Find every line in the entries that holds the string "Gold" and report it.

> **RECORDED INFORMATION**
[Start of section]
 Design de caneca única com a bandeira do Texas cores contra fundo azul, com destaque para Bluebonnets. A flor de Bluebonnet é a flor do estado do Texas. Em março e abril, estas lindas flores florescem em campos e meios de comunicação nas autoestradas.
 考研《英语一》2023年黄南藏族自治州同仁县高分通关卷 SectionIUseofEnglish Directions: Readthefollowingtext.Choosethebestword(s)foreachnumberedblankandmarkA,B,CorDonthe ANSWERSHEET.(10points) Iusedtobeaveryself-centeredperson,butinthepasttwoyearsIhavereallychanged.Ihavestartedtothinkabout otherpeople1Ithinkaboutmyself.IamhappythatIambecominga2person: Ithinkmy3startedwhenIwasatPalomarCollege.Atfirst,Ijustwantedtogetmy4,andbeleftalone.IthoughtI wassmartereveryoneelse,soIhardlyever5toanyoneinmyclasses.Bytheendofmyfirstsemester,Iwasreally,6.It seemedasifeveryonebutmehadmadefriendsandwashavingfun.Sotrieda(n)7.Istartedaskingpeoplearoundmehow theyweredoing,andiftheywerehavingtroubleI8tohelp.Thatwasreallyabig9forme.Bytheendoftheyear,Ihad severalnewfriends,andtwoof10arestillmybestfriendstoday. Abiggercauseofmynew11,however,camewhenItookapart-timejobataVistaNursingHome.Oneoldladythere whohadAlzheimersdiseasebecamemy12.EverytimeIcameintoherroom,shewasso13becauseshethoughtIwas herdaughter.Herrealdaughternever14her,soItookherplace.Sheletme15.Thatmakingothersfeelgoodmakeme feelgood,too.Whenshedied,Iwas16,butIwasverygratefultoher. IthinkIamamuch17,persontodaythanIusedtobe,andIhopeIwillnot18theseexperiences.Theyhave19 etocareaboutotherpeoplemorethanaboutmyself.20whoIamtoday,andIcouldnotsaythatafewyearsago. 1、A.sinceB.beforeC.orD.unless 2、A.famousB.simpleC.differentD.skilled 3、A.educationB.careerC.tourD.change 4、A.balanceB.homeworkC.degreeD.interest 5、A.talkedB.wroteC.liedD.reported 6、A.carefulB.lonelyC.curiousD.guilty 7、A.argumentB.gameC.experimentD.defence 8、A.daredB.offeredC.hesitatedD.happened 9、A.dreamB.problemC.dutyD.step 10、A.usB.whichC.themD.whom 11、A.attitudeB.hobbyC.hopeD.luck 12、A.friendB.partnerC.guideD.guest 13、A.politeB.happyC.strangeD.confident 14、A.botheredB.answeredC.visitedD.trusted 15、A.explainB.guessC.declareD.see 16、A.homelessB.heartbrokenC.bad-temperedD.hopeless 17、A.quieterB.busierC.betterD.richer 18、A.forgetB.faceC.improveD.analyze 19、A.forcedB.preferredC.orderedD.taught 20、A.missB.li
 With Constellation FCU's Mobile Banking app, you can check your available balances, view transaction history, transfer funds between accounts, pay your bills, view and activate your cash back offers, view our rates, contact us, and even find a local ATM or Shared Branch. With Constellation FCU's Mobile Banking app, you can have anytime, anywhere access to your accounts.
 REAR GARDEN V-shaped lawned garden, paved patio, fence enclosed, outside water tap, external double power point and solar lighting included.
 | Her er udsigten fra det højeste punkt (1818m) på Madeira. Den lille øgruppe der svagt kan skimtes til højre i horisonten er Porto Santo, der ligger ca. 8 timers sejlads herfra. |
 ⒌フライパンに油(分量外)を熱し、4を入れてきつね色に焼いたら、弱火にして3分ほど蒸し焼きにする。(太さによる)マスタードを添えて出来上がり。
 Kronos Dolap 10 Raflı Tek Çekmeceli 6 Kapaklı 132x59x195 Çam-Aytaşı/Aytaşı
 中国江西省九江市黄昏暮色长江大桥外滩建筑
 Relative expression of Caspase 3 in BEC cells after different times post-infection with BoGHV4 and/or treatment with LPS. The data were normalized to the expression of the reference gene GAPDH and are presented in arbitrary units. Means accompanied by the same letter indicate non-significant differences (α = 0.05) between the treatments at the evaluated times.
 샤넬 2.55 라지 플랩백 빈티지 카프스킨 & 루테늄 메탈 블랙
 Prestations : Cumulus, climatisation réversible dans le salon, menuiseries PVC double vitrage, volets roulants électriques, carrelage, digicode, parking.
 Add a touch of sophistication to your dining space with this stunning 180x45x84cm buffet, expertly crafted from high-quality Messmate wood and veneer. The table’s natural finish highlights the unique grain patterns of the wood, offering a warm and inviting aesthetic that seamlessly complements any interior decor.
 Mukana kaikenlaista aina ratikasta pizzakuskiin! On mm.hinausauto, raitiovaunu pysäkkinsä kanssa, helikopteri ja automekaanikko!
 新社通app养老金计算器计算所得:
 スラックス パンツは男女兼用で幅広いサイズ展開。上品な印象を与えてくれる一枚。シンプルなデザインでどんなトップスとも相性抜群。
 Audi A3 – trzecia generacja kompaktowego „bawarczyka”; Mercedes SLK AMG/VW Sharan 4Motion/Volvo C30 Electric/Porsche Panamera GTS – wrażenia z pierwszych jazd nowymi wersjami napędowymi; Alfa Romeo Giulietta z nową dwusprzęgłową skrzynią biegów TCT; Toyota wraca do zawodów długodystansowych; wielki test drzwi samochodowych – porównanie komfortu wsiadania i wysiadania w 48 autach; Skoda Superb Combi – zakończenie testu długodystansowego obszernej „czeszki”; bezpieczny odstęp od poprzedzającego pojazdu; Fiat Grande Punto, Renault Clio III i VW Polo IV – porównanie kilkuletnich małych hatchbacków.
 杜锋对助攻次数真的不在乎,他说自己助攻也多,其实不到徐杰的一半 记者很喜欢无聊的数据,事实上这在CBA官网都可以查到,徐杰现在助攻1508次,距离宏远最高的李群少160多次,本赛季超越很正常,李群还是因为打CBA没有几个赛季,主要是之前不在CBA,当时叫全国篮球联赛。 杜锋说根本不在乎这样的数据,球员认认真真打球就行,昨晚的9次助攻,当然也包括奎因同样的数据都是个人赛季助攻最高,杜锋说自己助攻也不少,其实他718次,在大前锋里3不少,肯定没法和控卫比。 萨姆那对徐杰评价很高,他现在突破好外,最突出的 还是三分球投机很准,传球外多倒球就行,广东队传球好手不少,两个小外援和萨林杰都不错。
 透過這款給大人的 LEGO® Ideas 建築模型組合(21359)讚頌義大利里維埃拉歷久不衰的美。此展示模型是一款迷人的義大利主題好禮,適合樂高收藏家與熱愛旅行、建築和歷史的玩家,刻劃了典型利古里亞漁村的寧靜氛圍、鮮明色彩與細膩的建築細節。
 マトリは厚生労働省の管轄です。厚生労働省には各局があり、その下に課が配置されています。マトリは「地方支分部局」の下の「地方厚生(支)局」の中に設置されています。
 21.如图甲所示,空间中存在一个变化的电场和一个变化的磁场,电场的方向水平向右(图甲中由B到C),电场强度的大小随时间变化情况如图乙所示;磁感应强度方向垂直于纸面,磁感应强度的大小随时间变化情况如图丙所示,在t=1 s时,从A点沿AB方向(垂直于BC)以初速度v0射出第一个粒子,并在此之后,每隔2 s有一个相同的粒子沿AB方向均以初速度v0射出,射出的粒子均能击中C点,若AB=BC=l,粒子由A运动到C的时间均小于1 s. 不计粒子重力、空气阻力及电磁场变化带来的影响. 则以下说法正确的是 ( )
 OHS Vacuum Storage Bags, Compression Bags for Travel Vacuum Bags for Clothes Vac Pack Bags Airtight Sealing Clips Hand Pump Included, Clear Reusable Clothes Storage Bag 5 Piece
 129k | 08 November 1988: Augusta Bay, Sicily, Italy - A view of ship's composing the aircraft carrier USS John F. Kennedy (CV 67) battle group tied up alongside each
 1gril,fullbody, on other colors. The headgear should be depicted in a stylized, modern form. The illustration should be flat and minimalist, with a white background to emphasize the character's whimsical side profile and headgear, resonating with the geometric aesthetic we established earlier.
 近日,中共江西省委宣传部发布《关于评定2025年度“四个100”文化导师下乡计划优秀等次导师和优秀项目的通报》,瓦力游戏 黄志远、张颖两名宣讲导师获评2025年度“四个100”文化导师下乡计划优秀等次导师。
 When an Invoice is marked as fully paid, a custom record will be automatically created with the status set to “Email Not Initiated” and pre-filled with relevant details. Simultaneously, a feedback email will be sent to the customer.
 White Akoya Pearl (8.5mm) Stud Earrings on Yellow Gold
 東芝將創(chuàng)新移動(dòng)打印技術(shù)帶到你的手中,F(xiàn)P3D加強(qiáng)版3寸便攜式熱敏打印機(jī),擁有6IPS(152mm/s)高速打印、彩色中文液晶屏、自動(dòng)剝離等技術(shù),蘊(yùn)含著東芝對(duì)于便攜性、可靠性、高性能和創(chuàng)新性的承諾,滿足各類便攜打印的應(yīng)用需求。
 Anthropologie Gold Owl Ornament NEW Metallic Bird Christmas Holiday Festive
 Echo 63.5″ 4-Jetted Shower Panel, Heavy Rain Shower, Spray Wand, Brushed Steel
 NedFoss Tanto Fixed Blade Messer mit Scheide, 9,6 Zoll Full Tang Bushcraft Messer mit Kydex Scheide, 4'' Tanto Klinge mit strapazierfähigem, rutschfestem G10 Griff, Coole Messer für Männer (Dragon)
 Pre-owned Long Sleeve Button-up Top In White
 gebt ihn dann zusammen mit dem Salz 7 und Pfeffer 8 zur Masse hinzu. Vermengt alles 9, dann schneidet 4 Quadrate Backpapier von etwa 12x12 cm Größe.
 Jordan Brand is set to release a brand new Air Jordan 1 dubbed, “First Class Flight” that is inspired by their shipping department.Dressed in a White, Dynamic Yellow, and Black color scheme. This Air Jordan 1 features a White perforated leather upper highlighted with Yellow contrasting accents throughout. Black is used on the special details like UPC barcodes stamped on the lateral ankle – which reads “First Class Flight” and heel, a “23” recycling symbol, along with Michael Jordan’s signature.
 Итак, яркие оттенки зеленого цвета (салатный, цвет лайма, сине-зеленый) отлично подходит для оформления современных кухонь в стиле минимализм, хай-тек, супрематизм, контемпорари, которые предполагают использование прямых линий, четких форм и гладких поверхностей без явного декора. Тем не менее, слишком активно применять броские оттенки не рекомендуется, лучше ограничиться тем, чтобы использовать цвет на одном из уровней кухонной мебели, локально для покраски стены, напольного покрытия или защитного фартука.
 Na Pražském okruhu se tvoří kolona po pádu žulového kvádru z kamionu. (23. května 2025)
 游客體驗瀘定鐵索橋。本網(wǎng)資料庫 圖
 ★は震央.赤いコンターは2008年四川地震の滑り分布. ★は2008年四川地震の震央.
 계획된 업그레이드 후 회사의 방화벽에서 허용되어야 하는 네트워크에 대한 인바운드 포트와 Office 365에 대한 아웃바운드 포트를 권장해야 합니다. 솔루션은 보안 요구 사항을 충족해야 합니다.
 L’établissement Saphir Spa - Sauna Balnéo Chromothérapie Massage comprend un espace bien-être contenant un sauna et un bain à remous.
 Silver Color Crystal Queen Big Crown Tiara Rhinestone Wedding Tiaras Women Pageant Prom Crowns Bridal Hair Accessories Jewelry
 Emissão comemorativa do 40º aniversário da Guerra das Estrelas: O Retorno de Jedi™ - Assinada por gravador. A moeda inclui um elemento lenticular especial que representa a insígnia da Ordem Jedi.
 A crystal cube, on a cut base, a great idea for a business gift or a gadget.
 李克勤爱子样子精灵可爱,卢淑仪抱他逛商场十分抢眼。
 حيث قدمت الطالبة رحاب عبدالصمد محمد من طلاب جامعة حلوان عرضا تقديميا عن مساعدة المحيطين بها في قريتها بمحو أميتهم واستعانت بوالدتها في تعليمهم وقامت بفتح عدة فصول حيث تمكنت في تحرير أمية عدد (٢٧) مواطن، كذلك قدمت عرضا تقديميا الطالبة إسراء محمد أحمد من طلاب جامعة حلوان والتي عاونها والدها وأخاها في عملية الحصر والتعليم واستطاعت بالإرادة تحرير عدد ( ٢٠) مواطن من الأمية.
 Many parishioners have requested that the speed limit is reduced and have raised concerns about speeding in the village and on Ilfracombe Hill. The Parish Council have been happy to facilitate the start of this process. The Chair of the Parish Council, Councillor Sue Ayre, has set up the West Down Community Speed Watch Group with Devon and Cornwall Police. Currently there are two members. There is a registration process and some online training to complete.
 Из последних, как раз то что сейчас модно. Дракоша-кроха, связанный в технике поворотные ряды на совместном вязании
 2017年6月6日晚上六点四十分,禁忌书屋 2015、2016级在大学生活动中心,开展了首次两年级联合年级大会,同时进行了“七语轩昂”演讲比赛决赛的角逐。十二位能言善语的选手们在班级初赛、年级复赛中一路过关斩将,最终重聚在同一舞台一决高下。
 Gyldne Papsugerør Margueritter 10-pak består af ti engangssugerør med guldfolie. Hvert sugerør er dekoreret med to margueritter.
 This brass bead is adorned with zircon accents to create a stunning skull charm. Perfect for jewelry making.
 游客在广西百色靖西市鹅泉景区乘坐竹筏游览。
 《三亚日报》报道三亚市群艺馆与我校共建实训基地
[End of section]
> **YOUR RESPONSE**
 White Akoya Pearl (8.5mm) Stud Earrings on Yellow Gold
 Anthropologie Gold Owl Ornament NEW Metallic Bird Christmas Holiday Festive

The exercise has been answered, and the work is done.